Estimating Performance#

After preparing your data and monitoring summary statistics, the next step in evaluating your entity resolution (ER) system is estimating performance metrics.

Note

Estimating these metrics is not as straightforward as one might assume. Naive computation of performance metrics using benchmark datasets can lead to biased and over-optimistic results. This is due to the non-linear scaling of entity resolution: while it might be easy to disambiguate a small benchmark dataset, the complexity of the problem grows quadratically with the dataset size. Therefore, to obtain reliable and representative performance estimators, it is crucial to consider the entire population of interest and account for the sampling processes and biases.

In this guide, we will discuss how to estimate performance metrics using the ER-Evaluation package, emphasizing the importance of applying sampling weights alongside predictions and benchmark data.

To estimate performance metrics, you will need:

  • Predicted clusters: Predicted entity clusters for a set of records or entity mentions, usually the main output of an ER system.

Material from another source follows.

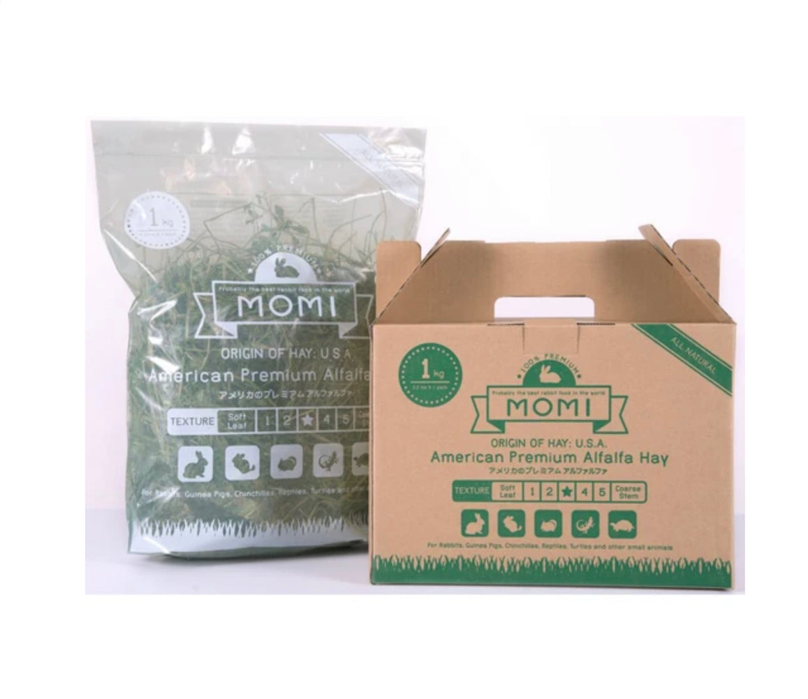 Momi Alfalfa Hay is rich in protein and calcium. It provides essential energy for growing. Recommended for small pets that are aged 6 months and below, gestating, lactating or post-surgery. Can be given occasionally to small pets aged above 6 months.
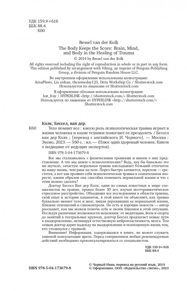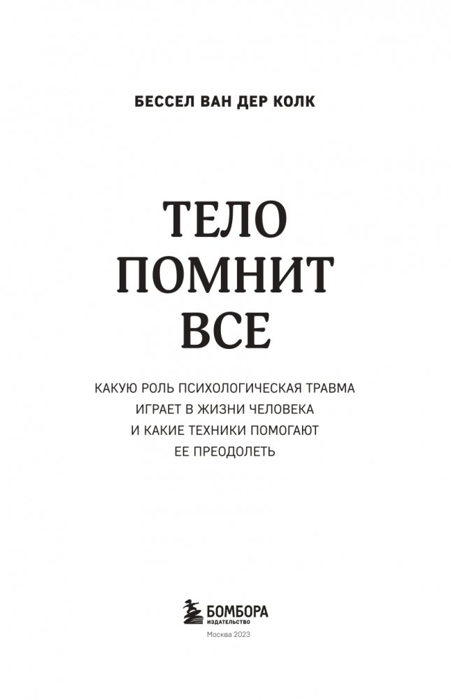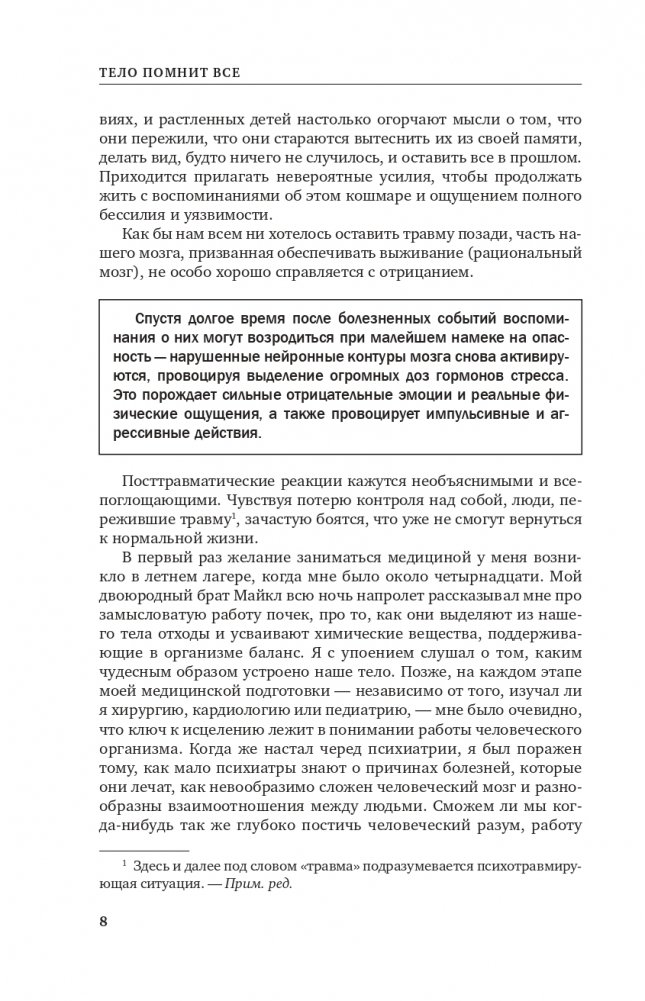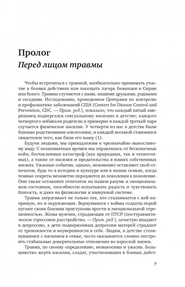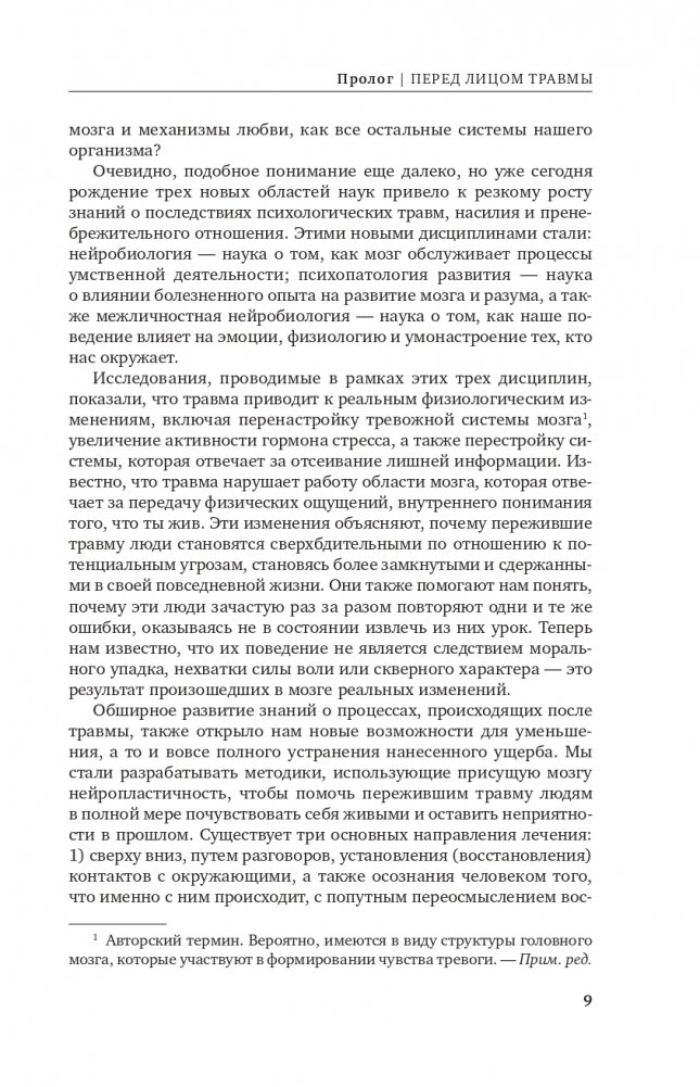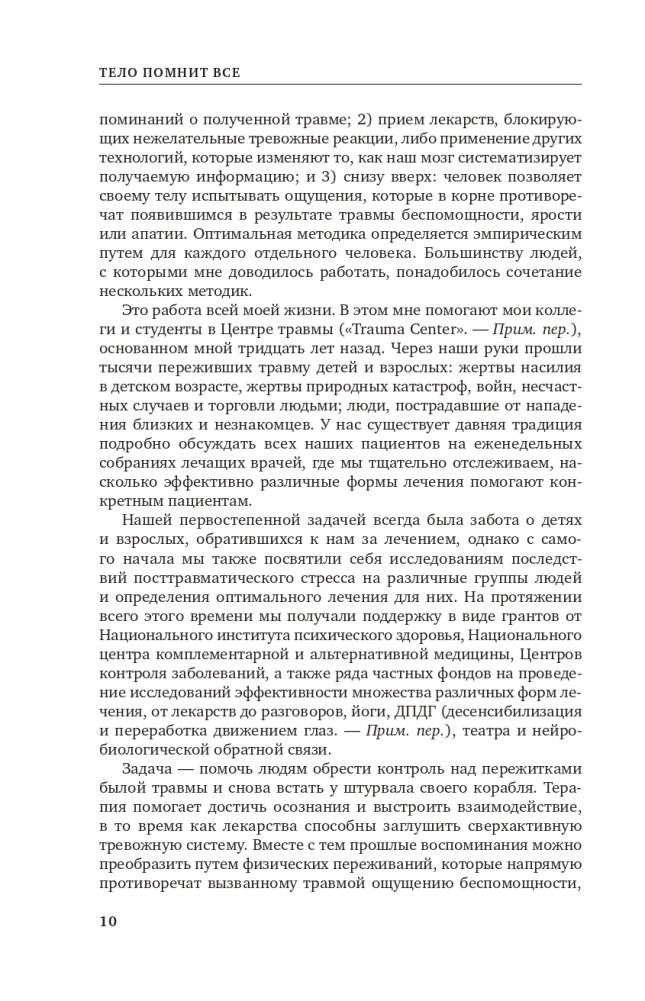 Есть и хорошие новости. Последствия психической травмы можно значительно уменьшить и даже полностью преодолеть. Исследование Бессела ван дер Колка основано на 30-ЛЕТНЕМ ОПЫТЕ РАБОТЫ с людьми, пережившими психологическую травму. Автор предлагает разные ПУТИ ее лечения, включая инструменты нейробиологии, а также спорт и йогу — то есть все, что позволяет восстановить нейропластичность мозга. Эта книга поможет понять, почему мы можем одновременно как ранить друг друга, так и исцелять, и дает надежду на новую жизнь.

  • Reference/benchmark data: A trusted benchmark dataset or reference disambiguation for “ground truth” data, typically containing 200 to 400 disambiguated entities.

  • Sampling weights: Weights applied to account for the sampling process and biases, such as “uniform” weights or “cluster_size” weights for sampling with probability proportional to cluster size.

Note

Sampling weights correct for biases in performance metric estimation when working with sampled data. They can be derived from the sampling design and selection probabilities, or estimated using propensity scoring techniques. For instance, in probability proportional to cluster size sampling (sampling records at random), weights are calculated as the inverse of each cluster size. Incorporating sampling weights ensures accurate performance metric estimation, accounting for non-representative reference datasets or unequal selection probabilities.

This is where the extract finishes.